The results of the present study disagree with Kotecha et al. who declared that low HRV is strongly predictive of angiographically defined CAD, regardless of other comorbidities [23]. Simula et al. performed quantitative coronary angiography in 30 subjects without a history of myocardial ischemia but with high familial risk for CAD [6]. Coronary angiography of the studied subjects revealed mild stenosis of one or more of the main coronary vessels with means percentage of narrowing ranging between 25% and 35%. A negative correlation was documented between pNN50 and coronary artery stenosis. In addition, there was an inverse relationship between the power of HF spectral component and severity of coronary atherosclerosis.
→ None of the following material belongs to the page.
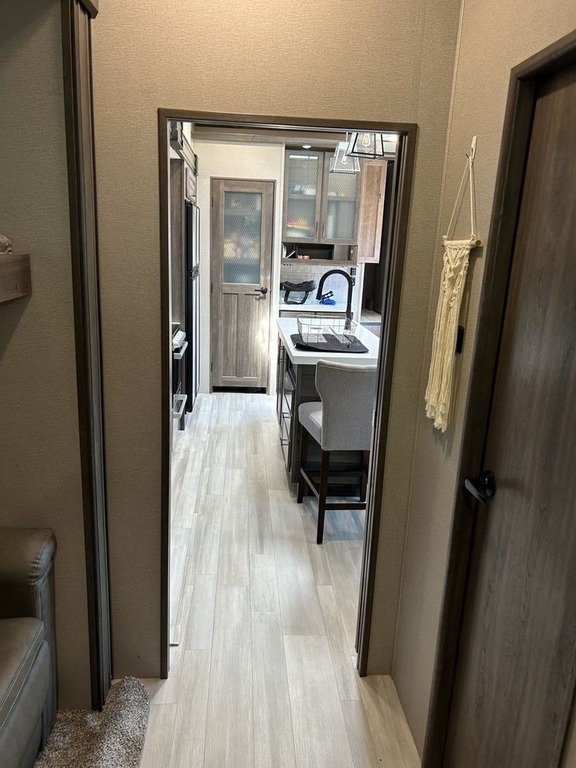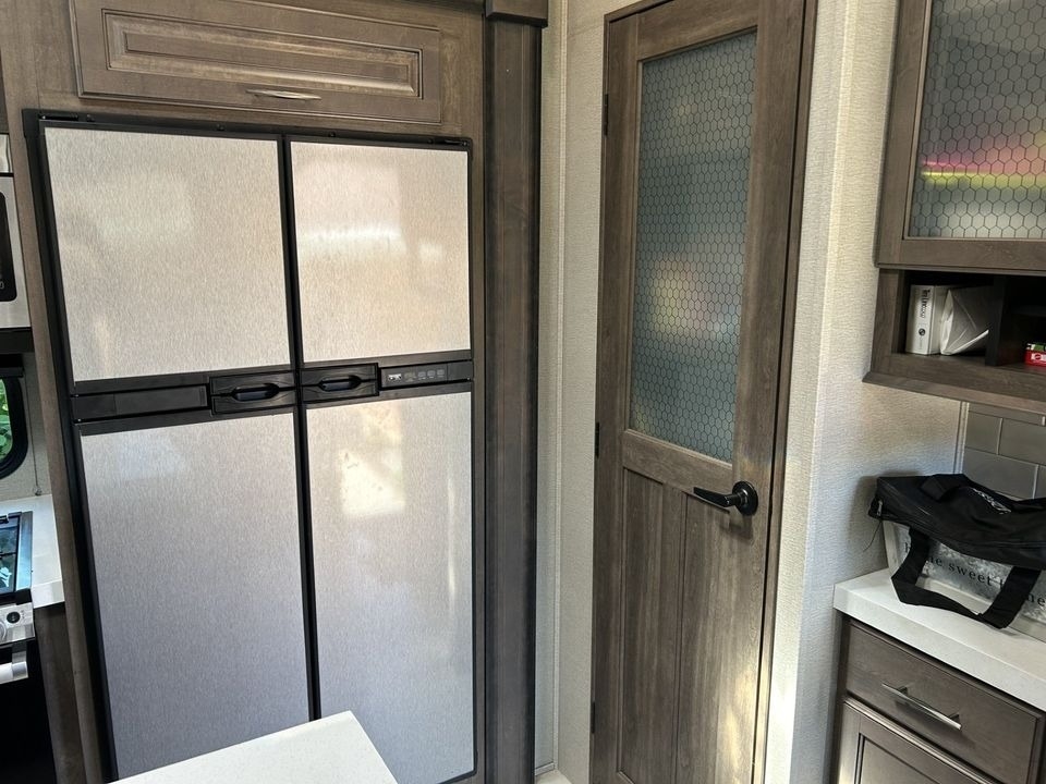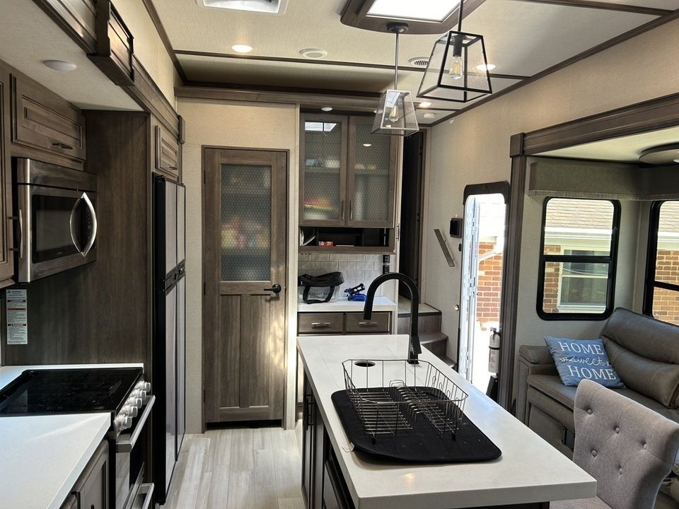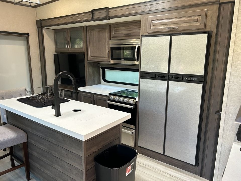 kitchen with fridge, sink, storage, gas griddle, dual power awnings &

This fact suggests that the extent of coronary atherosclerosis is related to the change of cardiac autonomic modulation toward vagal withdrawal and sympathetic predominance even in subjects without evidence of myocardial ischemia. Comparable findings were demonstrated in Pivatelli et al. study, which showed significantly lower HF, pNN50, SDNN, and RMSSD in patients presented CAD [7].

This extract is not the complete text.